HIGH numbers of coronavirus cases are likely to see the NHS have to deal with a “substantial wave of hospitalisations” in the first two months of 2022, an expert has warned.
Professor James Chalmers, a consultant respiratory physician at Dundee University’s school of medicine, warned the health service is already “under massive pressure, even taking Covid to one side”.
But with record numbers of cases now being recorded in the UK and in Scotland – where 16,857 new infections were announced on Thursday – Professor Chalmers said he is “really concerned” about the impact this will have on the NHS.
Despite progress being made over the last 12 months with vaccination and more treatments for Covid becoming available, the arrival of the new, rapidly spreading Omicron variant has resulted in a situation that the expert said “unfortunately feels very similar to last year”.
READ MORE: How Omicron restrictions will affect New Year's Eve across the UK's nations
Speaking on BBC Radio Scotland’s Good Morning Scotland programme, Professor Chalmers said: “At the moment through December we have seen very high case numbers, as we did last year, and we only started to see that feed through in Scotland to very high numbers in hospital in the later part of December and the early part of January.
“We’re starting to see an increase in the number of people in hospital in Scotland, we’re above 800 people in hospital at the moment with coronavirus, nationally hospital admissions have risen by 61% across the UK.
“So there are unfortunately similarities with last January. We are expecting, based on Government modelling, a substantial wave of hospitalisations through January and February.”
While he said Omicron “does seem to be a bit of a different beast”, with less severe illness meaning people stay in hospital for a shorter period of time, Professor Chalmers added: “Unfortunately the number of cases are so high the sheer volume of cases may cancel out any reduction in severity that we are seeing with this virus.”
Coronavirus isolations also mean “there’s a lot of staff absences, there’s a lot of gaps in rotas”, he said.
Chalmers continued: “There’s a lot of pressure on people to adapt to sudden changes in work responsibilities because so many people at the moment are having to isolate.
“There is a very high workload of what you would call routine winter care, non-Covid care, because people haven’t stopped becoming ill and this year we haven’t had a lockdown, which means things like other circulating viruses have not reduced and not gone away.
“So the NHS is under massive pressure, even taking Covid to one side.
“Then there has been a persistent pressure from Delta and now from Omicron of continuous hospital admission.
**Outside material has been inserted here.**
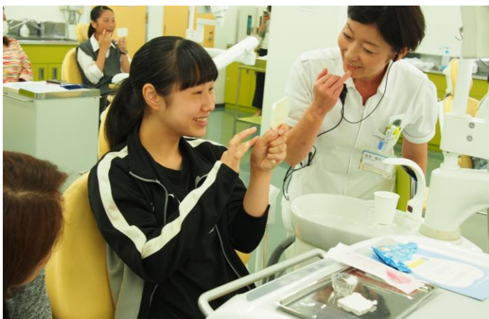
日本医歯薬専門学校での様子

全国に175店舗（※1）のサロンを展開し、店舗数・売上 No.1（※2）の美容脱毛専門サロン『ミュゼプラチナム』を運営する株式会社ミュゼプラチナム（本社：東京都渋谷区、代表取締役社長：沼田 英也）がプロデュースするデンタルクリニック「ミュゼホワイトニング」は、「日本医歯薬専門学校（杉並区高円寺）」、「新東京歯科衛生士専門学校（大田区大森）」のオープンキャンパスにて、歯科衛生士学校を目指すみなさまを応援するための特別イベントを開催いたしました。

So the NHS is really struggling at the moment and I am really concerned about how it is going to fare when the hospitalisation numbers for Covid really increase in January and February.”
With the peak in hospitalisations not expected to hit until “about a month from now”, Professor Chalmers told how the NHS is struggling with absences and an “exhausted” workforce who have “battled this virus for two years”.
As a result, he said: “I really do think we need to take every measure we can to protect the NHS over the next couple of months.”
Interactive map: The 13 Scottish areas with record-high Covid cases
He urged Scots to comply with restrictions to cut socialising and stay at home as much as possible, even over the new year period.
But despite warning the health service faces a “really difficult beginning of the year”, Professor Chalmers added he is “hoping for a much brighter future”.
He said: “I do genuinely believe we are closer to the end of this pandemic than the beginning in terms of where we are in Scotland, we have better treatments, we have vaccines, I believe the Omicron wave will pass and there will be a very high level of immunity within the population.
“Whether other variants will emerge I don’t know, it is very likely that they will but they may well be still prevented from causing severe disease by the amount of immunity that has been built up in the population.”